Camping with your Mac - 2010

Camping with your Mac - 2010

Summary: August is here and that means that it's time for the inevitable - the summer vacation. Here are a few items that can make traveling with your Mac a little more convenient.

TOPICS: Apple, Hardware

August is here and that means that it's time for the inevitable - the summer vacation. If you're like me, you can't go anywhere without your computer and tend to bring it everywhere. In order to do so, you need some accessories to both protect your gear and to help you get where you're going at the same time. Last year I posted a piece about camping with your Mac and this year, I give you the 2010 edition.

People define "camping" many different ways, from driving to a state park with the family and sleeping in a tent (my version) to parking a luxe RV at a posh beachside escape. In my case, bring two small children and my tech requires a certain level of protection.

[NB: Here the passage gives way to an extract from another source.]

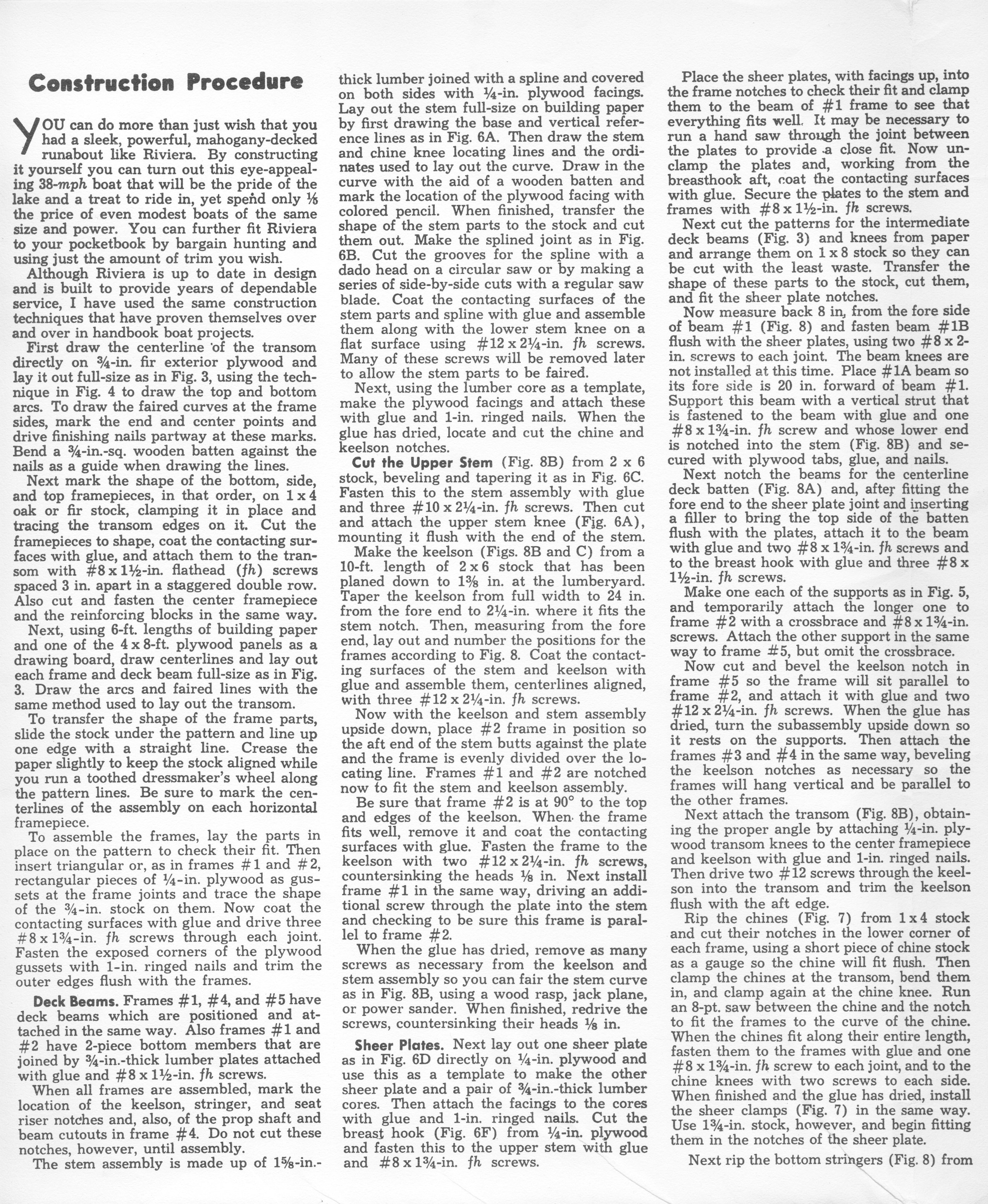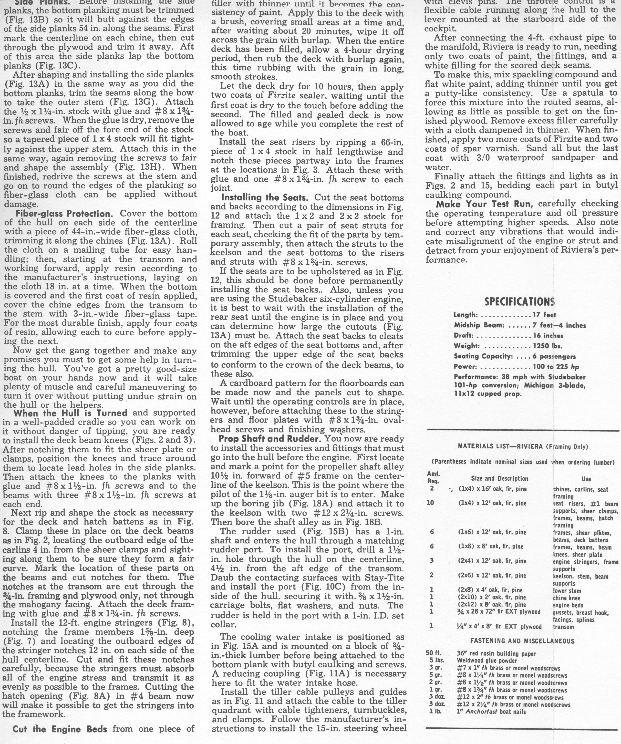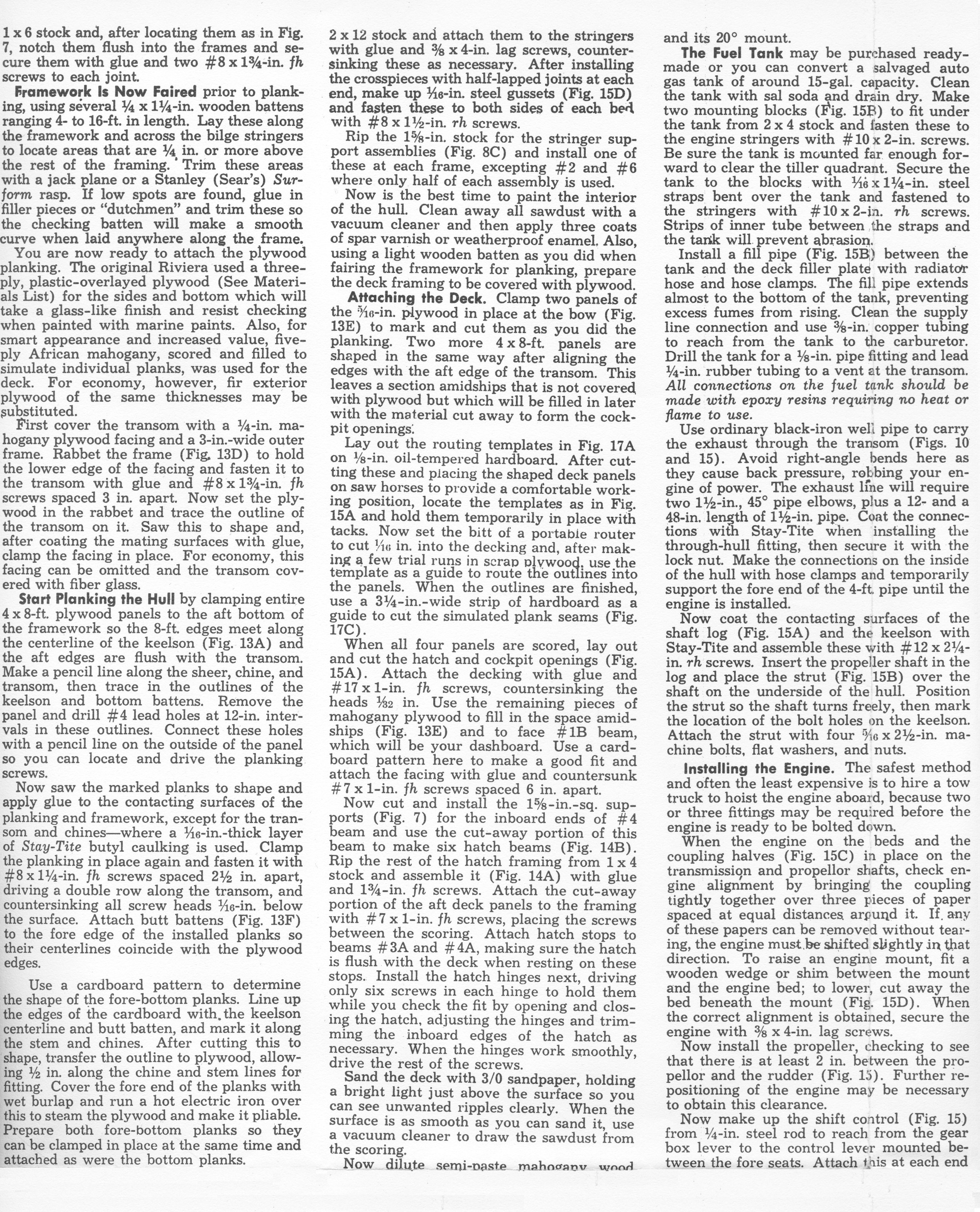 RIVIERA - 17 Ft. Inboard Runabout - By William D. Jackson. You can do more than just wish that you had a sleek, powerful, mahogany decked runabout like Riviera. By constructing it yourself you can turn out this eye appealing 38-mph boat that will be the pride of the lake and a treat to ride in, yet spend only a fraction the price of even modest boats of the same size and power. You can further fit Riviera to your pocketbook by bargain hunting and using just the amount of trim you wish.

Normally, I simply slide my MacBook Pro into the sleevecase in my Spire Torq backpack (read my May 2007 review) and I'm done. Camping is different though, especially when you throw children and a small vehicle into the mix. My backpack usually lives behind the passenger seat a) for accessibility and b) because our car is usually packed to the headliner. This wouldn't be a problem except for the fact that my backpack sits directly under my daughter's car seat. A sleevecase simply doesn't provide enough protection for my MBP when it's a mere few inches away from little feet.

Enter the Pelican HardBack 1090CC ($95) a 15-inch, hard shell notebook case that's watertight, crushproof, and dust proof. Pelican has a pedigree of creating extremely rugged cases for industrial applications and this one is like Fort Knox for you MBP.  The anodized aluminum latch and o-ring seal keep everything dry and an ingenious Gore-Tex membrane vent automatically balances pressure if you change altitude. It also features a molded foam liner and memory foam inserts that prevent my MBP from sliding around. The HardBack is so tough that I'm comfortable with my three-year-old standing on it -- with my notebook inside.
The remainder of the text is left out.